Photo by the author
# Entry
Hugging Face datasets is one of the simplest methods to load datasets with a single line of code. These datasets are often available in formats such as CSV, Parquet, and Arrow. While all three are designed to store tabular data, they work differently on the backend. The choice of each format determines how data is stored, how swift it is loaded, how much storage space is required, and how well it retains data types. These differences become increasingly significant as datasets grow larger and models become more intricate. In this article, we’ll look at how Hugging Face datasets work with CSV, Parquet, and Arrow files, what really sets them apart on disk and in memory, and when you should operate each. So let’s get started.
# 1.CSV
CSV stands for comma separated values. It’s just text, one line per line, columns separated by commas (or tabs). It can be opened with almost any tool i.e. Excel, Google Sheets, pandas, databases etc. It is very plain and interoperable.
Example:
name,age,city
Kanwal,30,Novel York
Qasim,25,Edmonton
Hugging Face treats it as a line-based format, which means it reads the data line by line. While this is acceptable for miniature datasets, performance deteriorates with scaling. Additionally, there are other restrictions such as:
- No clear pattern: Since all data is stored in text format, types must be inferred every time the file is loaded. This can cause errors if the data is not consistent.
- Huge size and leisurely I/O: Storing text increases file size, and parsing numbers from text is CPU-intensive.
# 2. Parquet floor
Parquet is a binary column format. Instead of saving rows one by one as in the CSV format, Parquet groups values by columns. This makes reads and queries much faster when you only need a few columns, and compression keeps file sizes and I/O low. Parquet also stores the schema so that the types are preserved. Works best for batch processing and large-scale analysis, rather than many miniature, constant updates to the same file (better for batch writes than continuous edits). If we take the CSV file example above, it will store all names together, all ages together, and all cities together. This is a columnar layout, and an example would look like this:
Names: Kanwal, Qasim
Ages: 30, 25
Cities: Novel York, Edmonton
It also adds metadata for each column: type, min/max values, null, and compression information.

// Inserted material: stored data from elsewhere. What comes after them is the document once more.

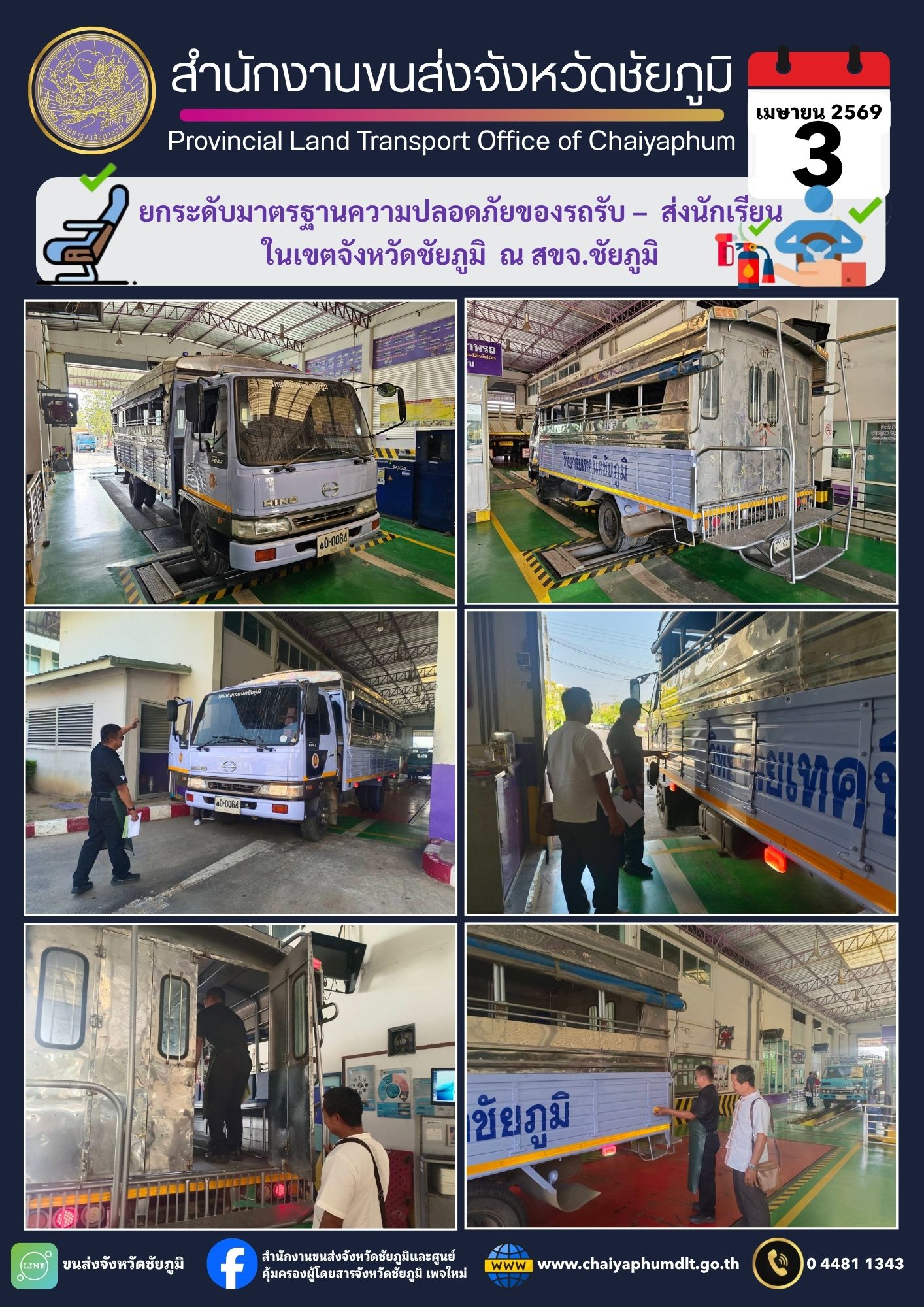 สำนักงานขนส่งจังหวัดชัยภูมิ โดย นายปริญญา หัสดินทร ณ อยุธยา ขนส่งจังหวัดชัยภูมิ มอบหมายให้เจ้าหน้าที่สำนักงานขนส่งจังหวัดชัยภูมิ และ สาขา ลงพื้นที่ออกประชาสัมพันธ์ในการยกระดับมาตรฐานความปลอดภัยของรถรับ – ส่งนักเรียนในเขตจังหวัดชัยภูมิ พร้อมทั้ง อำนวยความสะดวกแก่ผู้ประกอบการรถรับ-ส่งนักเรียน ในการนำรถเข้ารับการตรวจสภาพรถ ได้แก่ ระบบห้ามล้อ ระบบบังคับเลี้ยว เบาะที่นั่ง อุปกรณ์ส่วนควบ ความมั่นคงแข็งแรงของตัวรถ และอุปกรณ์ความปลอดภัยต่างๆ ณ ฝ่ายตรวจสภาพรถ สำนักงานขนส่งจังหวัดชัยภูมิ และสาขา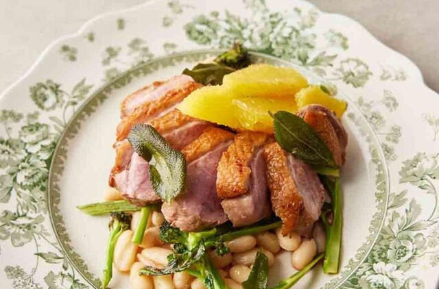 Pagardinkite iki tobulumo, padalykite į lėkštes ir apšlakstykite visas likusias sultis. Supjaustykite antį ir išdėliokite ant viršaus, išbarstykite ant traškių šalavijų ir apelsinų.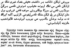 | Barleⱪ adamdar tuwmesenan azat jənê ⱪadir-ⱪasiyêti mên ⱪuⱪeⱪtare têng bolep düniyêgê kêlêdi. Adamdarƣa aⱪel-parasat, ar-ojdan bêrilgên, sondeⱪtan olar bir-birimên tuwesteⱪ, bawermaldeⱪ ⱪarem-ⱪatenas jasawlare tiyis. | Barlyq adamdar tyʼmysynan azat jaʼne qadіr-qasiʼetі men quqyqtary tenʼ bolyp duʼniʼege keledі. Adamdargʼa aqyl-parasat, ar-ojdan berіlgen, sondyqtan olar bіr-bіrіmen tyʼystyq, bayʼyrmaldyq qarym-qatynas jasayʼlary tiʼіs. | Barlyq adamdar týmysynan azat jáne qadіr-qasıetі men quqyqtary teń bolyp dúnıege keledі. Adamdarǵa aqyl-parasat, ar-ojdan berіlgen, sondyqtan olar bіr-bіrіmen týystyq, baýyrmaldyq qarym-qatynas jasaýlary tıіs. | Barlıq adamdar tuwmısınan azat jäne qadir-qasiyeti men quqıqtarı teń bolıp düniyege keledi. Adamdarğa aqıl-parasat, ar-ojdan berilgen, sondıqtan olar bir-birimen tuwıstıq bawırmaldıq qarım-qatınas jasawları tiyis. | Barlıq adamdar twmısınan azat jäne qadir-qasïeti men quqıqtarı teñ bolıp dünïege keledi. Adamdarğa aqıl-parasat, ar-ojdan berilgen, sondıqtan olar bir-birimen twıstıq, bawırmaldıq qarım-qatınas jasawları tïis. |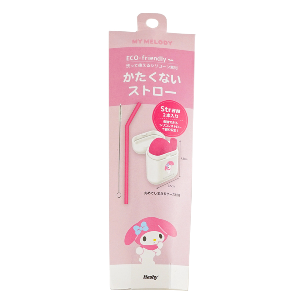 折疊矽膠環保吸管2支入附收納盒&清潔刷-美樂蒂
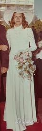 abito da sposa classico con caratteristiche tipiche della moda matrimoniale degli anni '70, collo alto e maniche lunghe decorate con inserti in pizzo, con un ampio cappello coordinato. TAGLIA S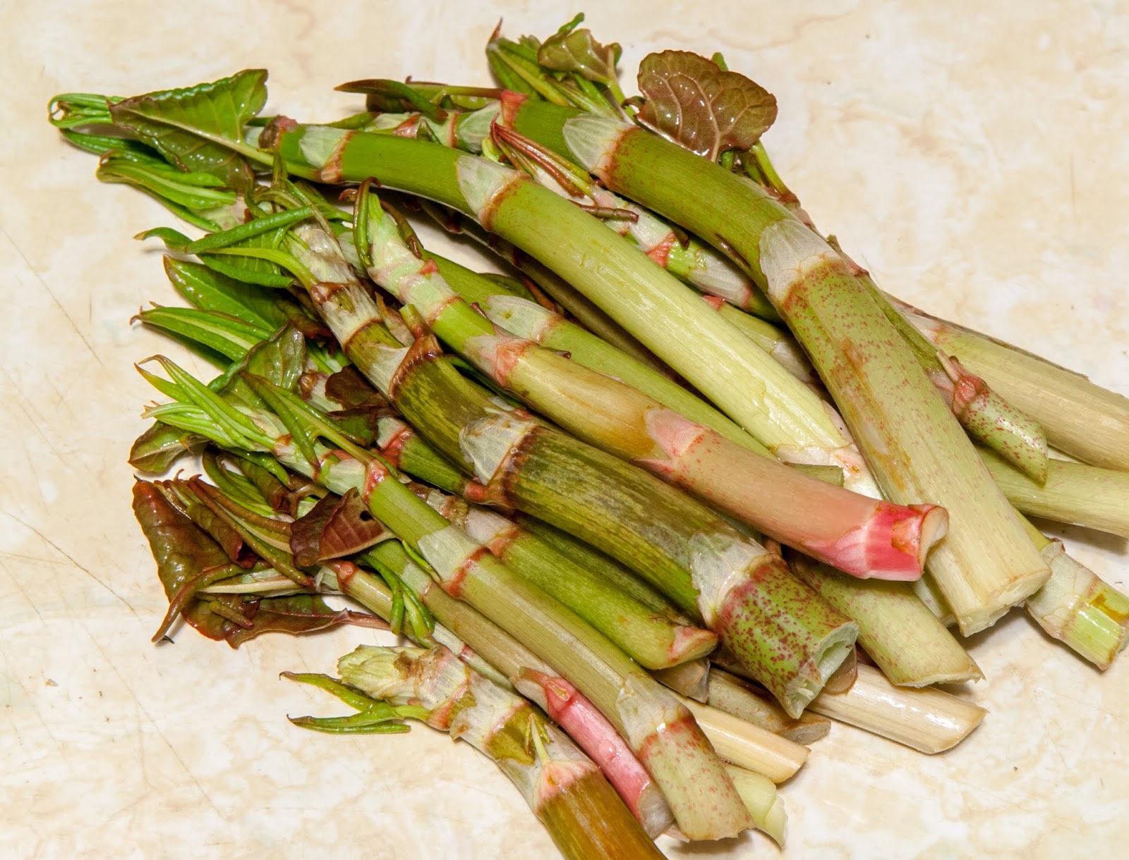 Another dreaded invasive, Japanese knotweed, Polygonum cuspidatum. Use the tender young shoots in sweet or savory preparations. Bake in pies, make a jelly, roast with herbs like a vegetable, slice thinly and eat them raw. This is a good wild plant to experiment with to find your own favorite recipes, then share them and teach others to eat more knotweed!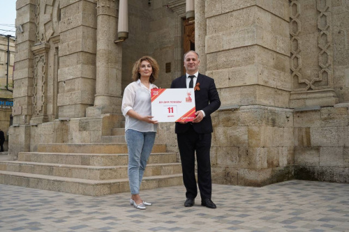 Художественный руководитель Муниципального татского горско-еврейского театра им.Манахимова Л.Я. Джамиля Ибрагимова и директор Табасаранского драматического театра Алимурад Алимурадов приняли участие в акции «100 дней до Победы».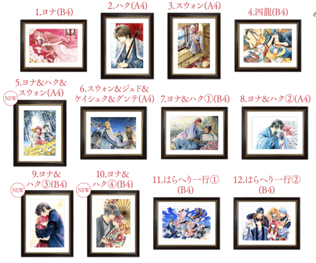 イラストはB4サイズとA4サイズ。全12種。受注生産制。

This enables faster readings, proficient storage, and true font handling. Compression algorithms such as Snappy or Gzip further reduce disk space. It has the following strengths:
- Compression: Similar column values compress well. Files are smaller and cheaper to store.
- Column reading: Load only the columns you need, speeding up queries.
- Opulent writing: The schema is stored, so there’s no type guessing every time you load it.
- Scale: Works well for millions or billions of rows.
# 3. Arrow
Arrow is not the same as CSV or Parkiet. It is a columnar format that is stored in memory to perform operations quickly. In Hugging Face, every data set is based on an Arrow table, whether you started with a CSV, Parquet, or Arrow file. Continuing with the same example table, Arrow also stores the data column by column, but in memory:
Names: contiguous memory block storing Kanwal, Qasim
Ages: contiguous memory block storing 30, 25
Cities: contiguous memory block storing Novel York, Edmonton
Because the data is in adjacent blocks, column operations (such as filtering, mapping, or summing) are extremely swift. Arrow also supports memory mapping, which allows you to access data sets from disk without having to fully load them into RAM. Here are some of the key benefits of this format:
- Zero copy reads: Memory map files without loading everything into RAM.
- Quick access to columns: The columnar layout enables vectorized operations.
- Opulent Types: Supports nested data, lists, tensors.
- Interoperable: Works with pandas, PyArrow, Spark, Polars and more.
# Summary
Hugging facial datasets makes switching formats a routine. Operate CSV for quick experiments, Parquet for storing huge tables, and Arrow for swift rote learning. Knowing when to operate each of them keeps your pipeline quick and plain, so you can spend more time on your model.
Kanwal Mehreen is a machine learning engineer and technical writer with a deep passion for data science and the intersection of artificial intelligence and medicine. She is co-author of the e-book “Maximizing Productivity with ChatGPT”. As a 2022 Google Generation Scholar for APAC, she promotes diversity and academic excellence. She is also recognized as a Teradata Diversity in Tech Scholar, a Mitacs Globalink Research Scholar, and a Harvard WeCode Scholar. Kanwal is a staunch advocate for change and founded FEMCodes to empower women in STEM fields.